MATERIAL FOR THIS TASK below:

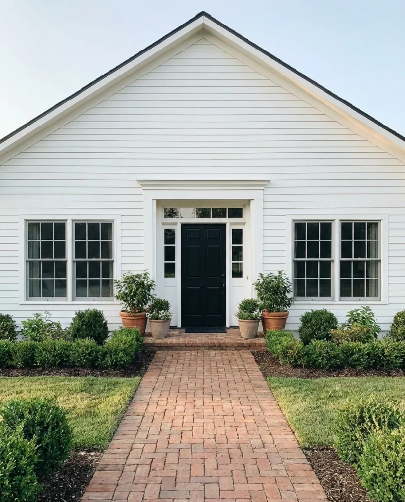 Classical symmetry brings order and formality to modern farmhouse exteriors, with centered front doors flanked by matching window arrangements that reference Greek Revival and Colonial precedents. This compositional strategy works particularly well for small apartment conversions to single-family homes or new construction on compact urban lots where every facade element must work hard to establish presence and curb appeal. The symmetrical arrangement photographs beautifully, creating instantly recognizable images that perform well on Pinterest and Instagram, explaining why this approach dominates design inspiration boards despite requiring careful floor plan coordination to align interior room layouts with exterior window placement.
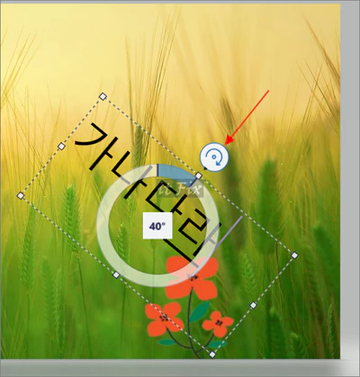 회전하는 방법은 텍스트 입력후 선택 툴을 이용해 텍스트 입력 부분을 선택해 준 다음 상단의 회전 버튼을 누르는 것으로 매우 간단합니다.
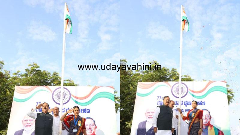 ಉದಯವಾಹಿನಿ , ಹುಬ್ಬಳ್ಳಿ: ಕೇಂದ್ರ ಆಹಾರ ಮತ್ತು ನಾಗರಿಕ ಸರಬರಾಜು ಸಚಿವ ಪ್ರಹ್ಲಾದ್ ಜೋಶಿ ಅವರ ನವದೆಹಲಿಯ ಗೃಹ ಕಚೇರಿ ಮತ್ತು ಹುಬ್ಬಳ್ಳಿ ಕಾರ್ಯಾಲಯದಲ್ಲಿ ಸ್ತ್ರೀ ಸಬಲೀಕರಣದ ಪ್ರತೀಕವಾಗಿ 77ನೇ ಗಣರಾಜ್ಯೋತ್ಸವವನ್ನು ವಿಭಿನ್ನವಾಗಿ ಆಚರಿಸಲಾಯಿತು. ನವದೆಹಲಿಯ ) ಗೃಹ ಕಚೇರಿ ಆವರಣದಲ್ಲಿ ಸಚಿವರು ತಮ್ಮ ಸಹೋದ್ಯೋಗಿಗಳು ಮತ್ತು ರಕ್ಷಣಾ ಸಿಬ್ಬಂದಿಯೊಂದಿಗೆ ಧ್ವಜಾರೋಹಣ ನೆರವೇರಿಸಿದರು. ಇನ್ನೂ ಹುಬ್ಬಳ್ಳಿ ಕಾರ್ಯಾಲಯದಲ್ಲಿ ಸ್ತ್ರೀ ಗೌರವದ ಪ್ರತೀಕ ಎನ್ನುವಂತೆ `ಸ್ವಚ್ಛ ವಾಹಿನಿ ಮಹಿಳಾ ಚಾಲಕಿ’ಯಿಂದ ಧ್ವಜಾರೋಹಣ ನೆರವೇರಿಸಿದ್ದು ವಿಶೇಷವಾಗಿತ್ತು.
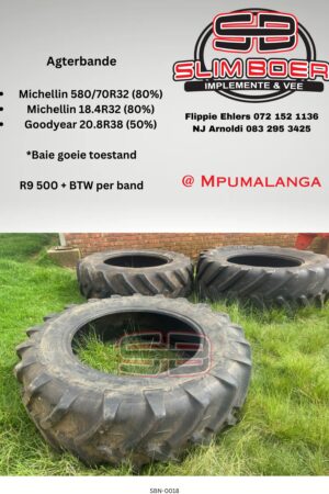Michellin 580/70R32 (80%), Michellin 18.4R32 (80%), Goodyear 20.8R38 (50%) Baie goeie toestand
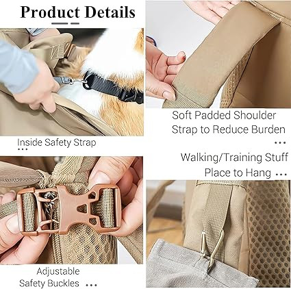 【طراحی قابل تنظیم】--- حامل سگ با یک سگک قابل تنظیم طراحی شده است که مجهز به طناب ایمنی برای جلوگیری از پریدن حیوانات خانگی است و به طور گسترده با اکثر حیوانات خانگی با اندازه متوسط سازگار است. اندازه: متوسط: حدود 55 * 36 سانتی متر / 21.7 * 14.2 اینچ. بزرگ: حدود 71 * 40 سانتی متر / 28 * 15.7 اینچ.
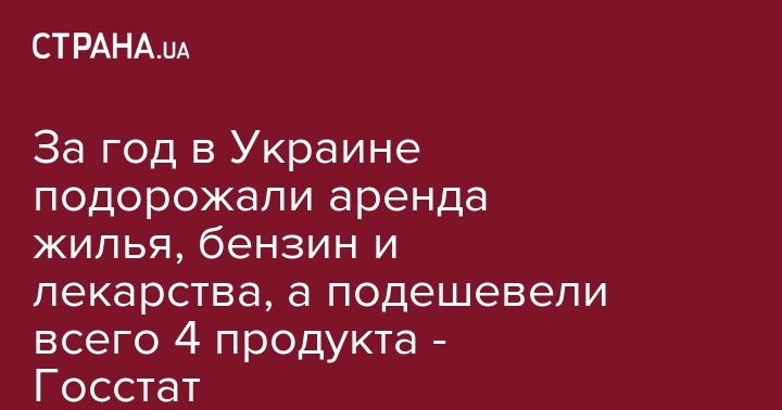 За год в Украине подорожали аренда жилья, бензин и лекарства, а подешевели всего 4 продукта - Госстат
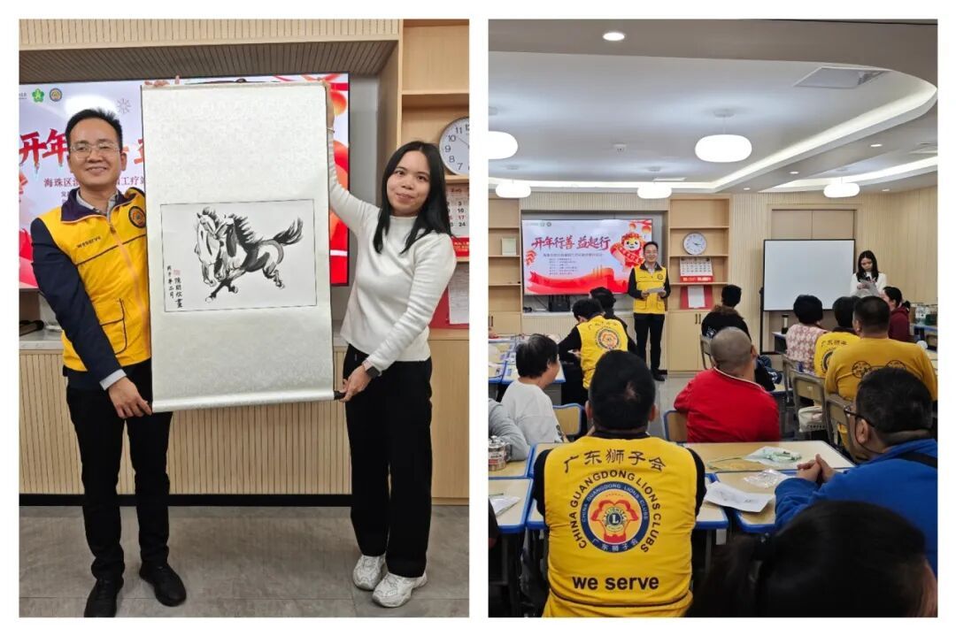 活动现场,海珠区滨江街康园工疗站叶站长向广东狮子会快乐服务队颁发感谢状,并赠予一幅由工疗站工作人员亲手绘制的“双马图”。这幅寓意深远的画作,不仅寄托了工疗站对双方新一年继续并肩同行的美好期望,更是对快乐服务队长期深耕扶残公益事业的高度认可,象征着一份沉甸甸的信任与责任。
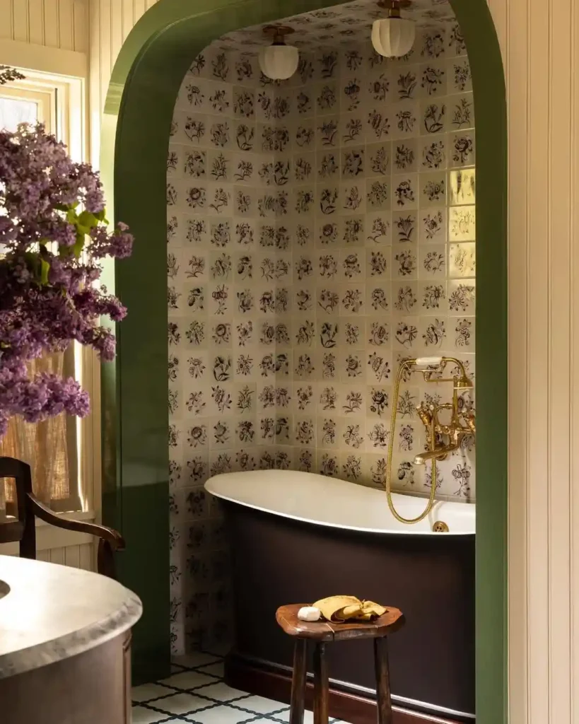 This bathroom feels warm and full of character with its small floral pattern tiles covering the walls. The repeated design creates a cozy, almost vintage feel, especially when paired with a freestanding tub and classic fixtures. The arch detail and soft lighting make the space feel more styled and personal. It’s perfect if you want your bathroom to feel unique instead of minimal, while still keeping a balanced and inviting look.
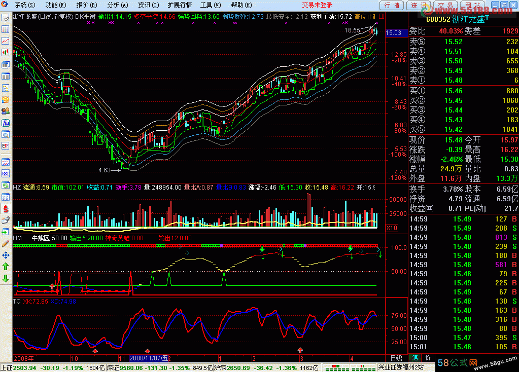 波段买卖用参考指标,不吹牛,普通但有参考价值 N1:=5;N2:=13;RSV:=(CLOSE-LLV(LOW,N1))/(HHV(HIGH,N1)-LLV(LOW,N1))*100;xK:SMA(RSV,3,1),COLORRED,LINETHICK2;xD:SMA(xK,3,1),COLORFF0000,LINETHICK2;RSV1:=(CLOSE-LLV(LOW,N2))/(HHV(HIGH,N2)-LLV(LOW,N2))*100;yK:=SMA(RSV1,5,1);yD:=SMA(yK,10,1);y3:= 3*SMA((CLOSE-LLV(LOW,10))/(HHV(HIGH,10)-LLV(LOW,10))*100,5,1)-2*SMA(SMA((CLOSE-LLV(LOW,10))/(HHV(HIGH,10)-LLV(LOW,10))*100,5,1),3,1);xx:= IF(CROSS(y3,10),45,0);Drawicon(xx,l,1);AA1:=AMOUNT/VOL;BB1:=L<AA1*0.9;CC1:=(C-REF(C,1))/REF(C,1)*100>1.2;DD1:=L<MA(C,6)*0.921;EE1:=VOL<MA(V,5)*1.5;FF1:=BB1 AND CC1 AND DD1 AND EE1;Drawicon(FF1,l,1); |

End of MATERIAL FOR THIS TASK.

● **WORK ITEM**: In the listing above, find the line with "ಉದಯವಾಹಿನಿ , ಹುಬ್ಬಳ್ಳಿ: ಕೇಂದ್ರ" and output every line through the one with "活动现场,海珠区滨江街康园工", exactly, without the pictures.

● **EXERCISE OUTPUT**:
 ಉದಯವಾಹಿನಿ , ಹುಬ್ಬಳ್ಳಿ: ಕೇಂದ್ರ ಆಹಾರ ಮತ್ತು ನಾಗರಿಕ ಸರಬರಾಜು ಸಚಿವ ಪ್ರಹ್ಲಾದ್ ಜೋಶಿ ಅವರ ನವದೆಹಲಿಯ ಗೃಹ ಕಚೇರಿ ಮತ್ತು ಹುಬ್ಬಳ್ಳಿ ಕಾರ್ಯಾಲಯದಲ್ಲಿ ಸ್ತ್ರೀ ಸಬಲೀಕರಣದ ಪ್ರತೀಕವಾಗಿ 77ನೇ ಗಣರಾಜ್ಯೋತ್ಸವವನ್ನು ವಿಭಿನ್ನವಾಗಿ ಆಚರಿಸಲಾಯಿತು. ನವದೆಹಲಿಯ ) ಗೃಹ ಕಚೇರಿ ಆವರಣದಲ್ಲಿ ಸಚಿವರು ತಮ್ಮ ಸಹೋದ್ಯೋಗಿಗಳು ಮತ್ತು ರಕ್ಷಣಾ ಸಿಬ್ಬಂದಿಯೊಂದಿಗೆ ಧ್ವಜಾರೋಹಣ ನೆರವೇರಿಸಿದರು. ಇನ್ನೂ ಹುಬ್ಬಳ್ಳಿ ಕಾರ್ಯಾಲಯದಲ್ಲಿ ಸ್ತ್ರೀ ಗೌರವದ ಪ್ರತೀಕ ಎನ್ನುವಂತೆ `ಸ್ವಚ್ಛ ವಾಹಿನಿ ಮಹಿಳಾ ಚಾಲಕಿ’ಯಿಂದ ಧ್ವಜಾರೋಹಣ ನೆರವೇರಿಸಿದ್ದು ವಿಶೇಷವಾಗಿತ್ತು.
Michellin 580/70R32 (80%), Michellin 18.4R32 (80%), Goodyear 20.8R38 (50%) Baie goeie toestand
 【طراحی قابل تنظیم】--- حامل سگ با یک سگک قابل تنظیم طراحی شده است که مجهز به طناب ایمنی برای جلوگیری از پریدن حیوانات خانگی است و به طور گسترده با اکثر حیوانات خانگی با اندازه متوسط سازگار است. اندازه: متوسط: حدود 55 * 36 سانتی متر / 21.7 * 14.2 اینچ. بزرگ: حدود 71 * 40 سانتی متر / 28 * 15.7 اینچ.
 За год в Украине подорожали аренда жилья, бензин и лекарства, а подешевели всего 4 продукта - Госстат
 活动现场,海珠区滨江街康园工疗站叶站长向广东狮子会快乐服务队颁发感谢状,并赠予一幅由工疗站工作人员亲手绘制的“双马图”。这幅寓意深远的画作,不仅寄托了工疗站对双方新一年继续并肩同行的美好期望,更是对快乐服务队长期深耕扶残公益事业的高度认可,象征着一份沉甸甸的信任与责任。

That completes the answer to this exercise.